Single Point of failure removal

121 Views Asked by At

I have a system similar to this: enter image description here

Here Driver Service is my single point of failure as it is handling the orchestration between different services. If any other service goes down, no one else will be affected, but if Driver Service goes down, whole orchestration flow will stop How can I remove this SPOF or what's the alternating design that I should consider regarding this?

4

There are 4 best solutions below

0
tax evader On

I think one of the common ways to remove the single point of failure is to multiple distributed nodes handing requests for Driver service.

The workload can be distributed between the nodes using a load balancer. In addition to distributing the workload, the load balancer can also perform a health check to make sure the nodes handling the requests are running as expected.

This of course would make the load balancer a single point of failure. You can avoid this by having multiple load balancers whose IPs are registered under the same domain name in the DNS, so that if the request to that domain can't reach one load balancer, it will send the request to another.

1
StepUp On

It looks like some your services know how to call each other. And it means that they are dependent. It leads to tight coupling between services. If you change driver service, then you need to edit shipment service.
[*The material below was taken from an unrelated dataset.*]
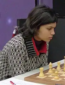 Soumya Swaminathan (born 1989) is a chess player holding the title of International Master (IM) and Woman Grandmaster (WGM) from India. She won the World Junior Girls' Championship 2009 held in Puerto Madryn, Argentina, edging out Deysi Cori and Betül Cemre Yıldız on tiebreak score.[1][2] She withdrew from the chess championships held in Iran in 2018 as a protest against the compulsory headscarf rule for women by Irans Islamic government.

As a result you need to redeploy all other services that work with driver service.

As an alternative, you can use message queues, communication buses. Yeah, you are right that they can become single point of failure. But in that case you can deploy multiple instances of message queue.

0
R.Abbasi On

In the design, the driver service looks like an orchestrator. Orchestrators have many advantages but they suffer from coupling and being the SOP. On the other hand, there is an alternative way to design your system. It's called choreography. In this approach, services communicate with each other via a message broker. They are decoupled but the design is much more complex. It would be harder to debug and trace bugs.

Before choosing, think about the requirements and scale of your application. Orchestration might be a good solution if availability is not an important factor or if you can make the SOP high available (by scaling and other patterns).

0
Matt Timmermans On

The "Driver Service" is a single "thing' in your diagram, but that doesn't matter.

You should have multiple instances of that service deployed across different data centers (or regions or availability zones or whatever). As long as those multiple instances are independent, then there is no single thing that can take down the system by failing.

Since the service isn't really a single thing, it isn't a "single point of failure".

Note, however, that there is an important way in which all those service instances might not be "independent" -- they may all run exactly the same software. It's important to avoid this problem using canary deployments, incremental rollout, and rollback capability.